CBSA officer Sandeep Sidhu sues governments of Canada and India

December 3,2025

RED FM News Desk

In a lawsuit filed in Ottawa, Sandeep Singh Sidhu described how, for the past two years, India had used him in a disinformation scheme designed to retaliate against Canada as part of a diplomatic dispute. In 2023, Canada publicly accused Indian agents of assassinating a Sikh activist in B.C. In response, India told its press that Sidhu was a terrorist on Canada’s payroll, according to the suit. While the Canadian government has cleared Sidhu, the lawsuit filed in Ottawa on Tuesday alleges it abandoned him to face the onslaught of state-sponsored disinformation on his own. As India’s news channels and social media loyalists spread falsehoods about Sidhu, he was subjected to harassment and threats, but the CBSA declined to help him, claiming it wasn’t a work-related matter, according to the suit. 

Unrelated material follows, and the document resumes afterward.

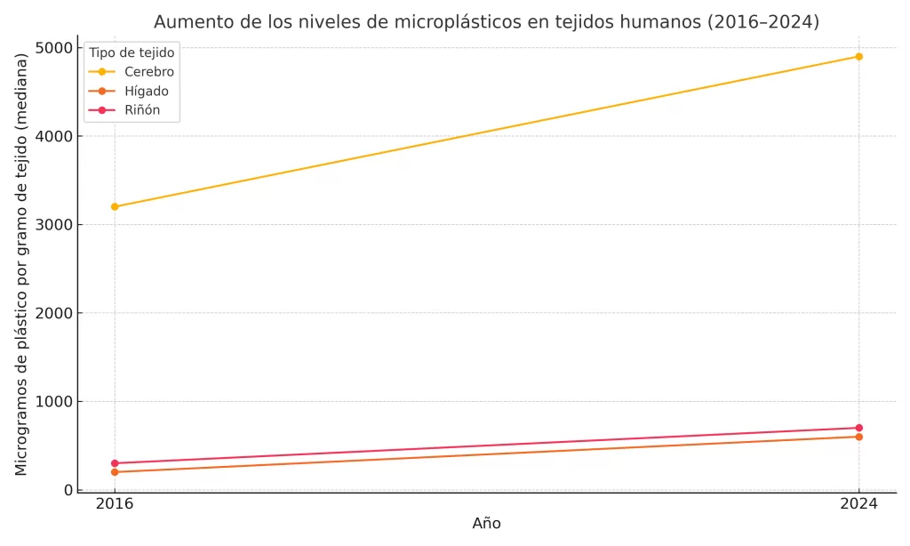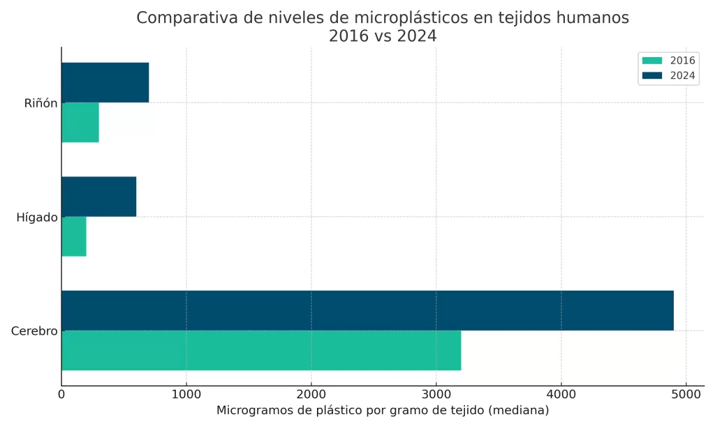 Tendencia temporal y aumento reciente: Un hallazgo crítico del estudio es el incremento de la carga de microplásticos a lo largo del tiempo. Al comparar las autopsias de 2016 con las de 2024, las concentraciones en 2024 resultaron mucho más altas en el cerebro (aprox. +50% de aumento).

The CBSA has not yet responded to a request for comment. Neither has India’s high commission in Ottawa, nor the Indian news outlets whose reports calling Sidhu a terrorist remain online. “We take the position that this was an orchestrated misinformation campaign against a citizen of Canada, and in this case, an innocent citizen of Canada,” his lawyer, Jeffrey Kroeker, said. “At the height of a diplomatic row between Canada and India, they needed a convenient patsy to blame something or put something on to deflect from genuine accusations of assassinations taking place in Canada.” “So what they did is, they found somebody who worked for the Canadian government amongst tens of thousands of civil servants, picked him out of the air because he has Sikh heritage, and threw him under the bus,” Kroeker said. “And then the Canadian government took over the bus and drove backwards over him.”

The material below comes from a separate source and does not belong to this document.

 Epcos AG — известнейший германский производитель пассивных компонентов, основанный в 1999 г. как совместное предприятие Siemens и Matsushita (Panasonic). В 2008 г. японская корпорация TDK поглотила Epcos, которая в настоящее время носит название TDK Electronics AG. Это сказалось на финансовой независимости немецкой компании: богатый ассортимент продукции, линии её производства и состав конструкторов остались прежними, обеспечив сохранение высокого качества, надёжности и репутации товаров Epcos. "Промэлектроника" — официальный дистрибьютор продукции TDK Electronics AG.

The ruse was part of India’s ongoing attempt to convince its citizens that Canada is a haven for pro-Khalistan terrorists who support independence for the South Asian nation’s Sikh-majority Punjab state. Sidhu was likely chosen for the ploy because he has a common Sikh name and was a senior, uniformed official in Canada’s national security establishment, according to his lawyers. The suit, filed in the Ontario Superior Court of Justice, seeks a total of $9-million in damages from India and Canada, which it argues had a duty to protect Sidhu but let him down. Sidhu said he was born in B.C., had been a border officer for two decades and had never had anything to do with India’s affairs. They not only showed his photo to their millions of viewers and followers, but also published his home address, prompting one social media user to post a photo of the house along with the words, “Go and kill him.” But he said that when he reported the matter to his superiors, and relayed that police were concerned about his safety, the CBSA offered him no protection and instead subjected him to an internal investigation. The CBSA consulted the Canadian Security intelligence Service and concluded the Indian allegations were fake, but would neither offer him protection nor help him clear his name, he said.